History of Marijuana
Early Marijuana Use
Marijuana has been used as medicine and a way of achieving euphoria since ancient times. The first reference to its use is in a Chinese medical manual dating back to around 2700 B.C. Chinese legend states that its usefulness in treating rheumatism, gout, malaria and, oddly enough, absent-mindedness was documented by Chinese Emperor Shen Nung — known as the Father of Chinese Medicine.
Its use spread from China to Korea, India and then to Eastern Africa. In India, the plant was celebrated in one of the Sanskrit Vedic hymns as an herb that could “release us from anxiety.” Ancient doctors prescribed marijuana for pain relief but also advised against using it too much as it could cause the user to “see devils.”
An Egyptian papyrus from about 1500 B.C. makes mention of cannabis as a useful way to treat inflammation.
In the Arab world, references to hashish began to show up between 800 A.D. and 1000 A.D. The plant’s intoxicating effects began to be emphasized around this time. Muslims used marijuana recreationally since alcohol consumption was banned by the Koran but marijuana was not. Hindus in India revered the use of marijuana in a mildly intoxicating drink called bhang, saying that it cured a long list of ills, including problems with sunstroke, digestion and dysentery.
Marijuana in America
In the mid-1500s, the Spanish brought cannabis to the New World. They intended to grow this crop for hemp — strong fibers that could be used for clothes, bags and most especially for the rigging of ships. In Britain as well as Scandinavia, cannabis was an important crop because hemp ropes were durable despite wet, salty environments. More than 120,000 pounds of hemp ropes made from the fibers of cannabis plants were required to complete the rigging for the U.S.S. Constitution.

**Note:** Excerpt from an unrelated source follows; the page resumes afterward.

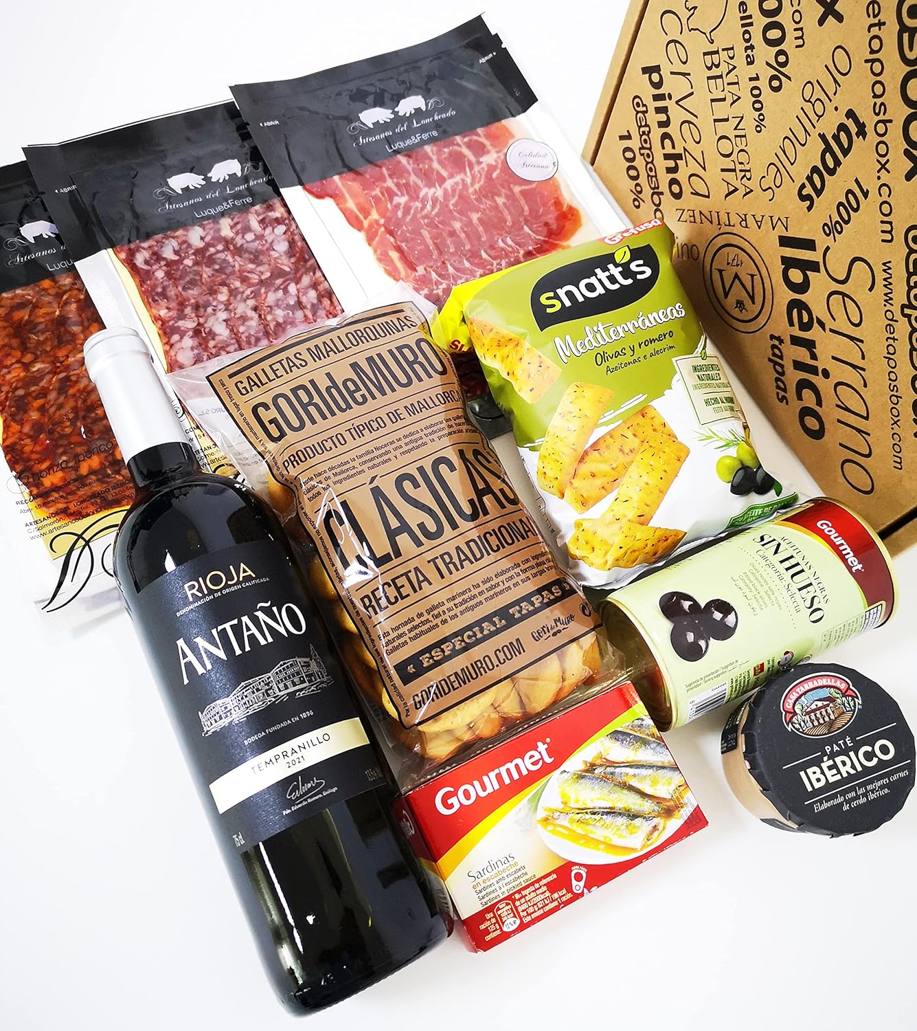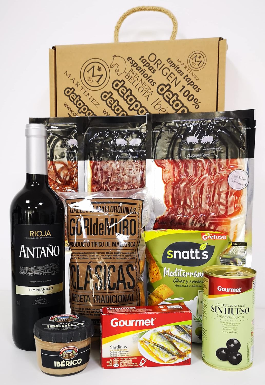 1 x Rotwein Rioja 75cl 12,5% vol. Heller Rotwein, 1 x Sardinen, mariniert 120 g, 1 x Ibérico Pate Tarradellas, 1 x Snatt’s Oliven und Rosmarin, 1 x Oliven (Hojiblanca ohne Kerne) 150 g.

Also in the mid-1500s, African slaves transported to Brazil brought cannabis with them. They worked farms in Brazil and they were allowed to grow crops of marijuana to smoke.
When steamships began to replace sailing ships in the late 1800s, the need for hemp began to wane.
By 1890, hemp had been replaced by cotton as a major cash crop in southern U.S. states, but hemp plants were not grown for their intoxicating properties. The level of intoxicant in this plant was very low. That began to change in 1910 when many people fled Mexico during that country’s revolution, arriving in America and bringing cannabis with them.
Cannabis appeared as an ingredient in many patent medicines of the day, but it was a small percentage compared to the number containing opium or cocaine.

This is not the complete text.